Le calvaire du caporal Ngodinh Nang
Ngodinh Nang a cinquante-trois ans, est originaire de la province de Thang Hoa au sud de Hanoï. Il y vit encore aujourd'hui.
Ou plutôt il tente d'y survivre. Nang est un paysan, un vétéran. Nous l'avons rencontré au Village de l'amitié de Van Canh où il
est pris en charge pour des soins. C'est un petit bonhomme au regard vif, qui nous raconte son calvaire et celui de sa famille.
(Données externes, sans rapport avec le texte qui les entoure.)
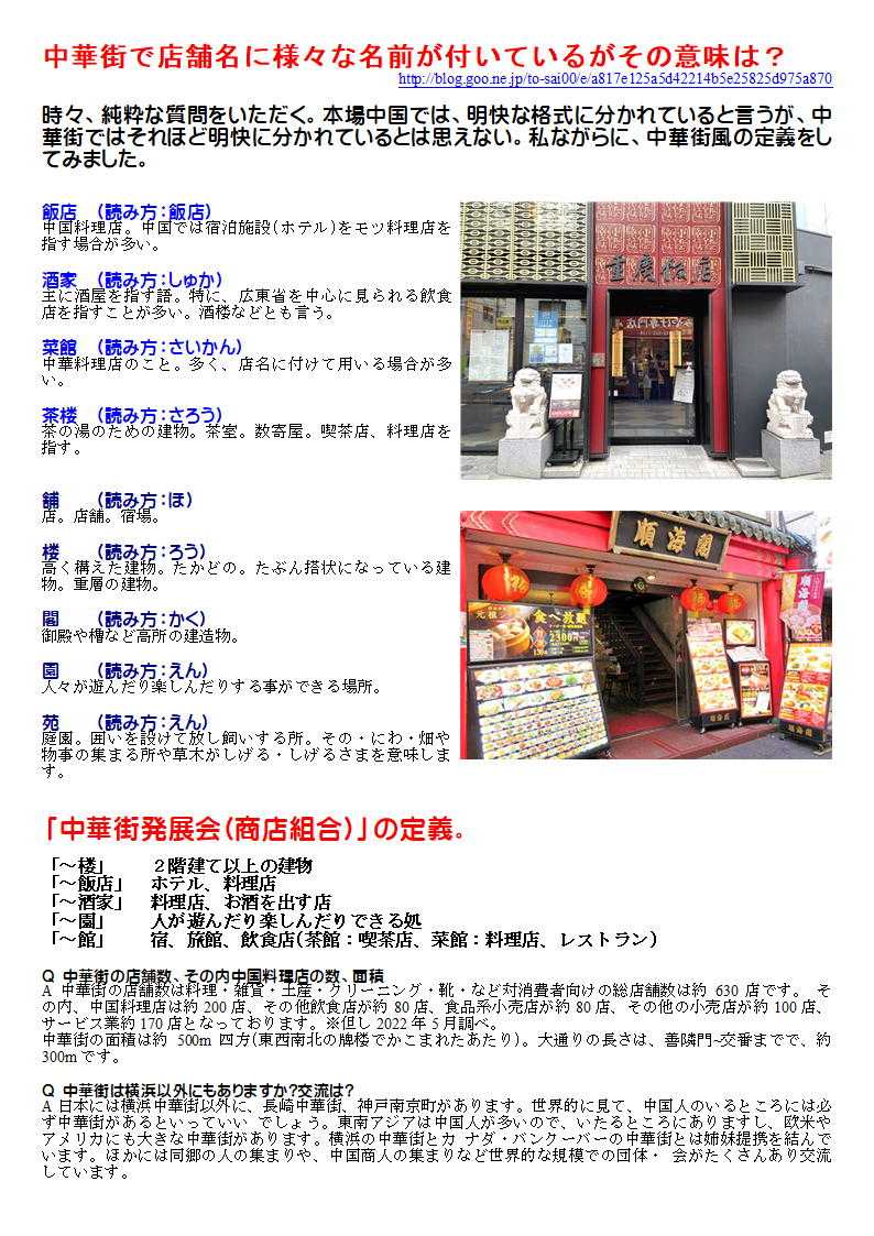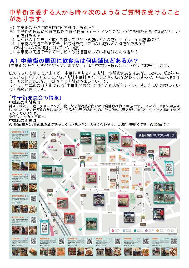 私の情報は、facebook twitter. を確認ください。「中華街を大切にする人」「ご利用する人」にはご協力をします。質問があれば、コメント欄 or sosamu@ya2.so-net.ne.jp にご連絡ください。中年おじさんの散策part2-2 から移行しています中華街の魅力は楽天ブログに今後移行していく予定です。https://plaza.rakuten.co.jp/sosamu02d/データーはライブドアーブログにも掲載します。「中華街の魅力part1」https://sosamu02dhide.livedoor.blog/ 合わせてご確認ください以前のデーターはアメバブログに移行しています。中華街の魅力お問い合わせは、sosamu@ya2.so-net.ne.jp までお願いします。中華街のいろいろなことを述べていきます。中華街を愛する人から時々次のようなご質問を受けることがあります。 A)中華街の周辺に飲食店は何店舗ほどあるか?B)中華街の周辺に飲食店以外の食べ物屋(イートインできないが持ち帰れる食べ物屋など)が 何店舗あるかC)AやBの中でテレビ取材を良く受けている店はどんな店か?(5~10店舗ほど)D)中華街の周辺で今までテレビ取材を受けていない店はどんな店があるか? (取材OKなのに取材されていない店)E)中華街の周辺で今までテレビの取材拒否をしている店はどんな店か? A)中華街の周辺に飲食店は何店舗ほどあるか?「中華街の周辺」とすべてなっていますが、山下町(中華街+周辺)という考えでお答えします。 私のhpにも示していますが、中華料理店242店舗、多種飲食店24店舗。しかし、私が入店していない(ランチをしていない店舗中華料理1、その他5)店舗がありますので、中華料理243、その他29店舗、合計272店舗と認識しています。しかし、中華街の商店街である「中華街発展会」では226店舗としています。たぶん加盟している店舗数と思います。 「中華街発展会の情報」中華街の店舗数は料理・雑貨・土産・クリーニング・靴・など対消費者向けの総店舗数は約630店です。 その内、中国料理店は約200店、その他飲食店が約80店、食品系小売店が約80店、その他の小売店が約100店、サービス業約170店となっております。※但し2022年5月調べ。中華街の面積は約500m四方(東西南北の牌楼でかこまれたあたり)。大通りの長さは、善隣門~交番までで、約300mです

En 1968, Nang est mobilisé et part se battre dans la province centrale de Quang Tri au sud du 17e parallèle, puis dans la
province frontalière du Cambodge, de Tay Ninh. Il a tout juste dix-neuf ans. Il appartient aux commandos qui s'infiltrent à
l'arrière des troupes américaines. Il est éclaireur et obtiendra le grade de caporal au cours de ses années de combat. Dès son
arrivée dans la région de Quang Tri en 1969, le jeune soldat est témoin des raids d'épandage. Il se souvient comme si c'était
hier de ces nuits où les C130 répandaient les produits toxiques. Les commandos se déplaçaient la nuit et les hommes étaient
directement exposés aux herbicides. " Après chaque passage d'avions, nos yeux nous faisaient atrocement mal, la respiration
devenait difficile mais nous ne savions rien de ce que nous respirions. Nous n'avions aucune autre protection que des serviettes
imbibées d'urine à nous mettre sur la bouche, le nez. · ce moment-là, nous ne savions rien des dangers des défoliants. Quand le
jour se levait, il y avait comme de la brume tout autour de nous. Nous avons vécu des mois dans ces zones touchées, buvant
l'eau, mangeant la nourriture contaminée. "
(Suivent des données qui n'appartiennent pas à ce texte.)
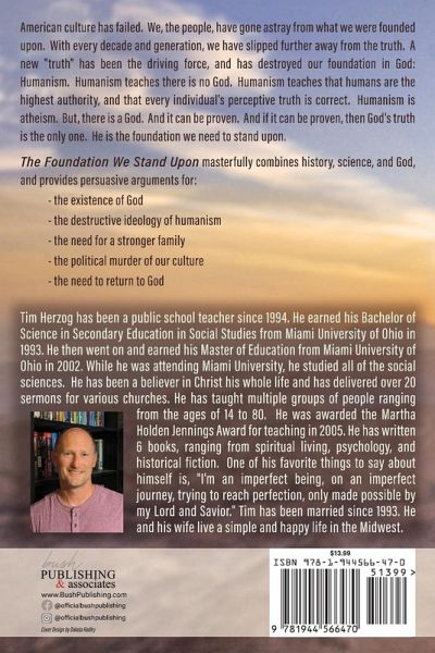 American culture has failed. We, the people, have gone astray from what we were founded upon. With every decade and generation, we have slipped further away from the truth. A new "truth" has been the driving force, and has destroyed our foundation in God: Humanism. Humanism teaches there is no God. Humanism teaches that humans are the highest authority and that every individual's perceptive truth is correct. Humanism is atheism. But, there is a God. And it can be proven. And if it can be proven, then God's truth is the only one. He is the foundation we need to stand upon. The Foundation We Stand Upon masterfully combines history, science, and God, and provides persuasive arguments for: - the existence of God - the destructive ideology of humanism - the need for a stronger family - the political murder of our culture - the need to return to God

La guerre contre les Américains est en partie souterraine. Nang et ses compagnons se glissent jusqu'aux fameux tunnels de
Cu-Chi, haut lieu de la résistance dans les environs de Saïgon. Région fiévreusement arrosée d'herbicides par les occupants.
Nang combat jusqu'en 1975. L'année suivante, il est démobilisé et retourne dans son village cultiver son champ. Il s'y marie
avec Tung, elle aussi de retour des maquis où elle s'est battue pendant quatre ans. Pour eux la guerre est terminée.
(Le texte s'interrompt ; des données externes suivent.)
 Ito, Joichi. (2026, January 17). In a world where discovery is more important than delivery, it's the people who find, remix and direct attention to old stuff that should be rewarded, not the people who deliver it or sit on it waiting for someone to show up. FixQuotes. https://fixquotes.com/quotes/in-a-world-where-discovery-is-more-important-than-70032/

C'est le temps de penser à la famille, à rattraper une jeunesse passée au front. Mais dès son retour, Nang commence à avoir
quelques problèmes de santé. Pas assez cependant pour l'inquiéter. La joie est immense quand naît en 1977 un premier enfant.
Un bébé en pleine santé, tout à fait normal de corps et d'esprit. Rien ne laisse présager le cauchemar qui allait suivre. Un
deuxième bébé voit le jour : il est difforme et meurt deux mois après sa naissance. Arrive un troisième, attardé mental qui survit
jusqu'à l'âge de seize ans. Le quatrième enfant du couple, une fille, a aujourd'hui quatorze ans et est paraplégique, souffrant de
troubles nerveux tels, qu'elle doit rester attachée sur un lit. " De temps à autre, explique Tung, elle se met à crier et secoue la
tête. Il faut toujours quelqu'un avec elle. Pour lui donner à manger, on doit lui tenir la tête. "
Mais le calvaire de la famille ne s'arrête pas là. L'ancien caporal ôte ses vêtements : au cours des années, Nang a vu enfler sur
son corps des sortes de tumeurs grosses comme des pommes. Sa poitrine a l'apparence de celle d'une femme. Ses muscles se
sont durcis et il rencontre des difficultés pour marcher. Il a suivi une radiothérapie, sans effet. Il attend maintenant au Village de
l'amitié une intervention chirurgicale.
Dans son groupe, cinquante jeunes de son district avaient été mobilisés. Il ne reste que deux survivants. Trente ont été tués
dans les combats à Quang Tri, les autres sont morts de ces étranges maladies.
Par Dominique Bari - L'Humanité, le 21 Avril 2000.